IN THE COURT OF APPEAL OF THE STATE OF CALIFORNIA
SIXTH APPELLATE DISTRICT
BRIAN BLIVEN,
Plaintiff and Appellant,
v.
JOHN LOCASCIO, et al.,
Defendants and Respondents.
H043030
(Santa Clara County
Super. Ct. No. 1-13-CV-256818)
Appellant Brian Bliven seeks review of the superior court’s grant of a motion in limine for judgment on the pleadings in favor of respondents John and Marcello LoCascio and their auto body repair business, Union Jack. Appellant contends that the court should not have granted judgment on the pleadings based on a settlement agreement without assuming the truth of the facts pleaded in his first amended complaint. We agree with appellant that the facts alleged in appellant’s complaint were sufficient to preclude judgment on the pleadings in this procedural context. Accordingly, we must reverse.
Background
Appellant initiated this action in November 2013 with a complaint against respondents for breach of contract, negligence, fraud, and violations of Business and Professions Code sections 9884.8 and 9884.9 (governing invoices and written estimates, respectively, by auto repair dealers). Appellant alleged that respondents breached a contract to repair and restore his 1959 Austin Healey vehicle: they began work before issuing an estimate, performed phase 2 repairs before completing phase 1 and before obtaining appellant’s approval, performed work exceeding the original estimate without authorization, failed to use reasonable care in performing the work, and allowed the vehicle to sustain damage from a collision while in their care. In his sixth cause of action for “Unlawful Contract in Violation of Civil Code § 1668” appellant also claimed that respondents had, among other things, forced him to sign a release and waiver of liability or else “endure increasing storage fees and threatened legal action.”
The document to which the sixth cause of action referred, titled “Waiver of Liability and Release,” had been signed by the parties on August 30, 2012. Appellant had sought the assistance of the Bureau of Automotive Repair (BAR) in retrieving his car; the BAR representatives recommended settlement, which resulted in the waiver agreement drafted by respondents.
In the waiver agreement appellant expressly agreed that in consideration for respondents’ release of his car from storage at their facility, appellant would pay them $1,000 and “waive any and all rights” to sue respondents “for any reason related to or arising out of said repair contract.”
Appellant paid the $1,000 to respondents. The following December, however, appellant sued in the Small Claims Division of the superior court to recover that money. Respondents answered with their own claim for $5,000 and an injunction “to stop defamation” of Union Jack. In February 2013 the small claims action was dismissed without prejudice “[a]s to both sides,” based on the August 30, 2012 waiver of liability.

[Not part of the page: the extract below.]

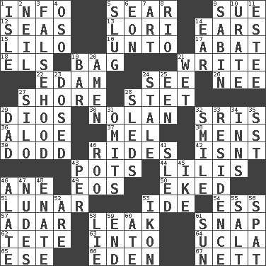 ACROSS 1. A message received and understood 5. Dry up 9. Institute legal proceedings 12. Oceans 13. Australian parrot (variant) 14. Hearing organs 15. _ and Stitch 16. To (old English) 17. Blind as ____ 18. Raised railways 19. Paper or plastic container 21. Compose 22. Dutch treat 24. Observe 26. Born 27. Dinah or Pauly 28. Proofreading order 29. "Vaya con ____" 30. Pitcher Ryan 32. Indian titles of respect 36. Medicinal plant 37. Cartoonist voice _ Blanc 38. Not women's 39. Texas town _ City 40. Amusement-park features 42. Is not 43. Plant holders 44. Ms. Damita and namesakes 46. A saturated hydrocarbon 49. Greek goddess of the dawn 50. Made supply last 51. Type of eclipse 53. Binary compound 54. Curvy letter 57. The sixth month of the Jewish calendar 58. Path through which fluid escapes 61. Fastener 62. Wig 63. To the inside or interior of 64. Southern CA. univ. 65. Compass dir. 66. Locale of original sin 67. Remaining after all deductions DOWN 1. Small island 2. Famous astronaut Armstrong 3. It jiggles the polygraph 4. Bear (Spanish) 5. Snaillike creature with no shell 6. Period of immesurable duration 7. Tate display 8. _ de Janeiro 9. Unit of acoustic absorption 10. A salt of uric acid 11. First name in cosmetics 14. Hearing organ 19. Drinking establishment 20. So be it 21. Soggy 23. Administered medicine 24. Showing deterioration from age 25. Car or cant ending 27. Grain storage tower 28. Bobsleighs 29. June honoree 31. Leaves out 32. Grin 33. Dwelling 34. Restaurants 35. Fast jet (abbr.) 40. Friend of Pooh 41. Downhill vehicle 43. For each 45. Eisenhower's nickname 46. Having winglike extensions 47. Unadorned figures 48. Maternal 52. "We ___ not amused" (Victoria) 53. Visual representation of an object 55. Table seasoning 56. Argument over a trivial matter 58. Whopper 59. Conclude 60. Had dinner 61. Player for Phoenix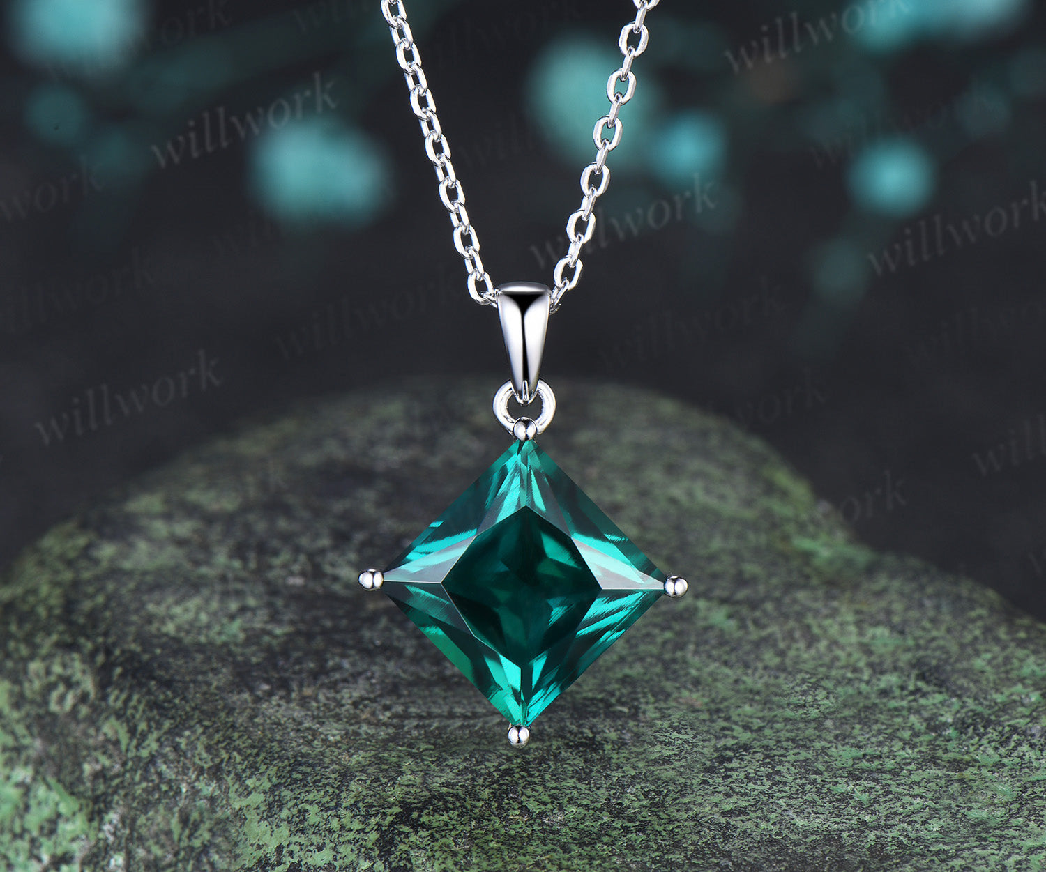 6ct princess cut green emerald necklace solitaire green gemstone pendant necklace May birthstone gift 6ct princess cut green emerald necklace solitaire green gemstone pendant necklace May birthstone gift $339.00

Respondents demurred to the November 2013 complaint, asserting res judicata based on the earlier small-claims action. On April 16, 2014, the superior court overruled the demurrer as to the first five causes of action because the small-claims action had been dismissed without prejudice and thus could not serve as the basis for res judicata. The sixth cause of action for unlawful contract, however, was subject to demurrer because the section on which appellant relied, Civil Code section 1668, applied only to future torts, not to past conduct.
In ruling on the demurrer, the court acknowledged respondents’ additional claim that the August 30, 2012 waiver was “comprehensive and conclusive,” thus precluding this litigation. The court rejected that position, stating, “Determining the effect and scope of the waiver Bliven signed is not appropriate for purposes of this demurrer. [Citation.] [¶] Defendants contend that Bliven alleges no facts to support his duress allegation (i.e. fraud in the execution/inducement). This contention is belied by the complaint. (See Complaint, ¶ 30 [alleging that Bliven signed the waiver under duress of incurring storage fees and having a lien placed on his vehicle].”
On April 25, 2014 appellant filed the operative pleading, the first amended complaint. In this version, the sixth cause of action for “Unilateral Rescission of Waiver Based on Fraud, Duress, and Undue Influence” asserted that respondents had breached the parties’ original repair contract, falsified invoice records, stopped communicating with appellant, and threatened a DMV lien and accruing storage fees if appellant did not pay the full amount due of $2,957.50. Then, in order to “exempt themselves from the responsibility of their fraud, violations of the Bus. & Profess. Codes [sic], cover [sic] their negligence,” respondents took “a grossly oppressive and unfair advantage of Plaintiff’s necessities or distress” by drafting a release of liability. Because of respondents’ undue influence and the duress he was under, appellant’s “only choice to procure his [vehicle] was to sign the release and waiver of liability or endure increasing storage fees, the unlawful detention of his property, and threatened legal action.” Appellant therefore demanded “the voiding of the release and waiver of liability.”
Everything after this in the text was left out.